__YOUR TASK__.
Repeat each record below exactly, omitting whatever pictures appear in it.

__SUPPLIED MATERIAL__.
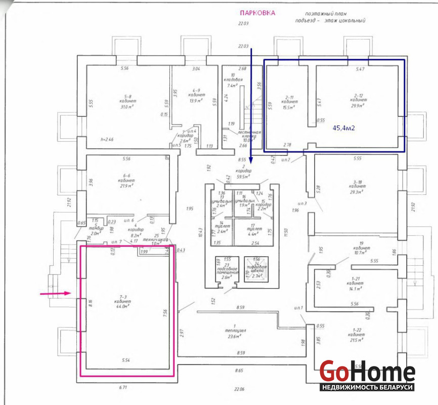 Помещение 44 м2, разделено на 2 комнаты. Выполнен новый современный ремонт. На окнах установлены роллеты. Интернет – оптоволокно, телефонные линии, кондиционер в каждом кабинете.
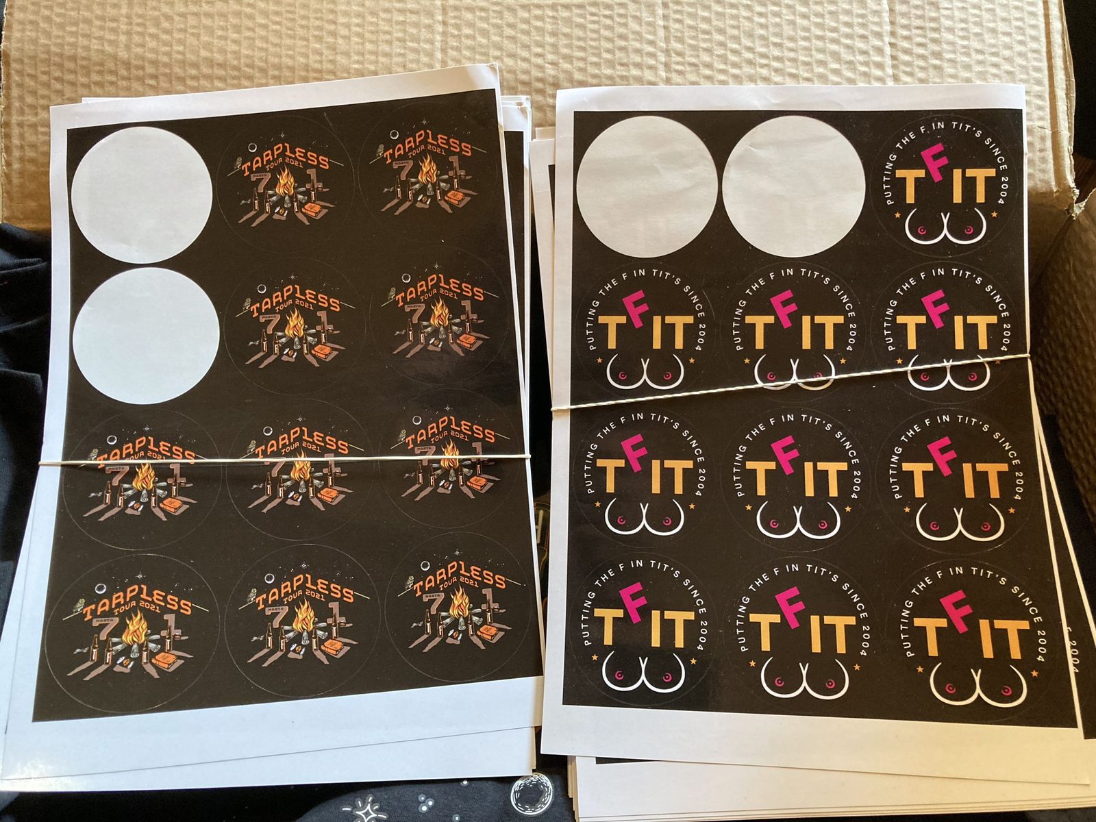 Often our trips are loosely named in honour of a certain person or persons, typically to celebrate a significant birthday event. Since being welcomed to TFIT around 2011 I’ve somehow been tasked with the production of the essential must have tour T-Shirt designs. Now I shouldn’t let them know, but I secretly love this chore, given I’m a graphic designer by trade it probably seems like a busman’s holiday, but thinking about the victim client or clients in question I can run riot with stupid or silly ideas that can grace the blank canvas space of the attire. Some fairly questionable and probably not politically correct elements have come and gone over the years, but all of them reflect on an event or some personality trait that matches the particular individual(s). With your initials printed on the sleeve you can’t even misplace your unique T-Shirt when it’s dumped in the communal washing machine on holiday after a particularly foul and muddy day on the trails. We’ve even had personalised sets of top trump cards, foam machines, one-off specials amongst the merchandise on offer, and as an added bonus we even had stickers this year, many of which are now in some very odd locations, abroad and at home.
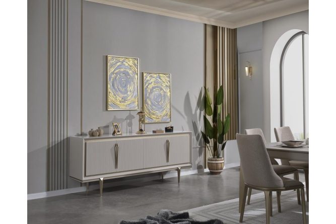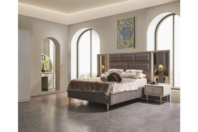 | Gardırop | Gövde, suntalam malzemedir. Ön yüzler, MDF malzeme üzeri lake boya ile üretilmiştir. CNC desenler ile dekore edilmiştir. Aydınlatma özelliği bulunmaktadır. |
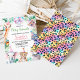 This colorful safari themed birthday invitation can be used for any age and features several jungle animals, party hats, disco ball, foliage and colorful dots.
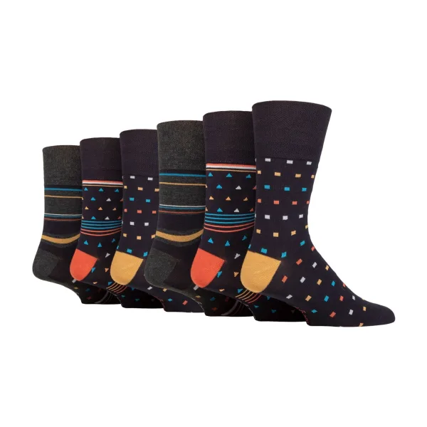Zachte Grip NON ELASTISCHE Bamboosokken: Als comfort je belangrijkste doel is bij het zoeken naar een paar sokken, beschouw dan deze paar Zachte Grip NON ELASTISCHE bamboosokken als een van de beste. Bamboe wordt geprezen als de moderne ‘supervezel’, en Zachte Grip is een gerenommeerd sokkenmerk dat zich volledig richt op comfort. De NON ELASTISCHE techniek wordt ten zeerste aanbevolen om druk in de voet te verminderen... alles lijkt aan deze sok te kloppen. Waarom bamboe geweldig is: Bamboe staat algemeen bekend als een fantastisch materiaal. Hier zijn 3 redenen waarom bamboe de beste is. Vochtregulerend – Bamboevezels controleren van nature de temperatuur, waardoor het een schitterende vezel is om in sokken te breien. Antibacterieel – Bamboe onttrekt het vocht, waardoor er geen ruimte is voor manoeuvre, en dus potentiële voetinfecties worden voorkomen. Superzacht – Bamboe wordt beschouwd als een luxevezel die de voeten zacht en comfortabel houdt. Zachte Grip – Non-elastische honingraat-top: Het combineren van een natuurlijke bamboemix en NON ELASTISCHE honingraat-top zachte grip sokken in één pakket zou het perfecte paar sokken voor je voeten kunnen zijn als comfort je belangrijkste doel is. Extra productdetails: * 6 paar verpakking, bamboosokken, NON ELASTISCH, honingraat-top, verstevigde hiel en teen, 5 ontwerpen om uit te kiezen, 77% Viscose Bamboe 17% Polyester en 1% elastaan, Maat 6-11 UK, 39-45 EUR, 7-12 VS, machinewasbaar.

__RESPONSE__.
 Помещение 44 м2, разделено на 2 комнаты. Выполнен новый современный ремонт. На окнах установлены роллеты. Интернет – оптоволокно, телефонные линии, кондиционер в каждом кабинете.
 Often our trips are loosely named in honour of a certain person or persons, typically to celebrate a significant birthday event. Since being welcomed to TFIT around 2011 I’ve somehow been tasked with the production of the essential must have tour T-Shirt designs. Now I shouldn’t let them know, but I secretly love this chore, given I’m a graphic designer by trade it probably seems like a busman’s holiday, but thinking about the victim client or clients in question I can run riot with stupid or silly ideas that can grace the blank canvas space of the attire. Some fairly questionable and probably not politically correct elements have come and gone over the years, but all of them reflect on an event or some personality trait that matches the particular individual(s). With your initials printed on the sleeve you can’t even misplace your unique T-Shirt when it’s dumped in the communal washing machine on holiday after a particularly foul and muddy day on the trails. We’ve even had personalised sets of top trump cards, foam machines, one-off specials amongst the merchandise on offer, and as an added bonus we even had stickers this year, many of which are now in some very odd locations, abroad and at home.
 | Gardırop | Gövde, suntalam malzemedir. Ön yüzler, MDF malzeme üzeri lake boya ile üretilmiştir. CNC desenler ile dekore edilmiştir. Aydınlatma özelliği bulunmaktadır. |
 This colorful safari themed birthday invitation can be used for any age and features several jungle animals, party hats, disco ball, foliage and colorful dots.
Zachte Grip NON ELASTISCHE Bamboosokken: Als comfort je belangrijkste doel is bij het zoeken naar een paar sokken, beschouw dan deze paar Zachte Grip NON ELASTISCHE bamboosokken als een van de beste. Bamboe wordt geprezen als de moderne ‘supervezel’, en Zachte Grip is een gerenommeerd sokkenmerk dat zich volledig richt op comfort. De NON ELASTISCHE techniek wordt ten zeerste aanbevolen om druk in de voet te verminderen... alles lijkt aan deze sok te kloppen. Waarom bamboe geweldig is: Bamboe staat algemeen bekend als een fantastisch materiaal. Hier zijn 3 redenen waarom bamboe de beste is. Vochtregulerend – Bamboevezels controleren van nature de temperatuur, waardoor het een schitterende vezel is om in sokken te breien. Antibacterieel – Bamboe onttrekt het vocht, waardoor er geen ruimte is voor manoeuvre, en dus potentiële voetinfecties worden voorkomen. Superzacht – Bamboe wordt beschouwd als een luxevezel die de voeten zacht en comfortabel houdt. Zachte Grip – Non-elastische honingraat-top: Het combineren van een natuurlijke bamboemix en NON ELASTISCHE honingraat-top zachte grip sokken in één pakket zou het perfecte paar sokken voor je voeten kunnen zijn als comfort je belangrijkste doel is. Extra productdetails: * 6 paar verpakking, bamboosokken, NON ELASTISCH, honingraat-top, verstevigde hiel en teen, 5 ontwerpen om uit te kiezen, 77% Viscose Bamboe 17% Polyester en 1% elastaan, Maat 6-11 UK, 39-45 EUR, 7-12 VS, machinewasbaar.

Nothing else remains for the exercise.